Data: 2008-11-23 01:17:38
Temat: Re: Co się stało ze światem?
Od: adamoxx1 <a...@p...onet.pl>
Pokaż wszystkie nagłówki
cbnet pisze:
> Tak, zgadza się, świat przeludnił się jakimiś niedorobionymi
> ludziami, którzy uczą innych jak zejść na złą drogę i czuć się
> przy tym tak jak to opisał zdezorientowany autor tematu.
>
> Notabene: to jest dopiero "sztuka", aby zrobić z kogoś "zero"

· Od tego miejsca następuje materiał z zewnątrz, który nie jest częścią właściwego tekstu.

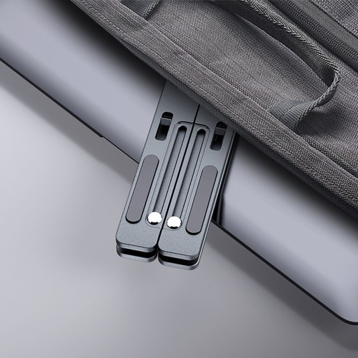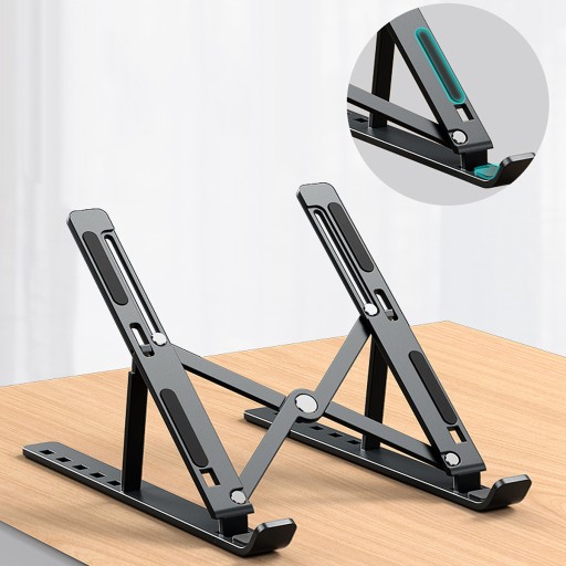 Stojak jest składany, dzięki czemu po złożeniu ma bardzo małe gabaryty. Zmieści się do każdej szuflady czy torby na laptopa.

> w taki sposób, aby ponosząc tego konsekwecje nie miał
> bladego pojęcia co się w ogóle stało i tylko bełkotał coś
> niezbyt niewyraźnie na ten temat.
> Wow! ;)
>
Czasem, kiedy rozmawiam z ludźmi i na przykład mówię im o moich
"najgłebszych" spostrzeżeniach, spotykam się z przytakiwaniem, albo
czymś w stylu "no jasne, to oczywiste."
Zawsze wtedy zastanawiam się, czy zgadzają się, bo własnie im
"otworzyłem oczy" i podałem informacje w sposób spójny, czy już
wcześniej "jakoś tak,bez wysiłku,mimochodem" do tego doszli.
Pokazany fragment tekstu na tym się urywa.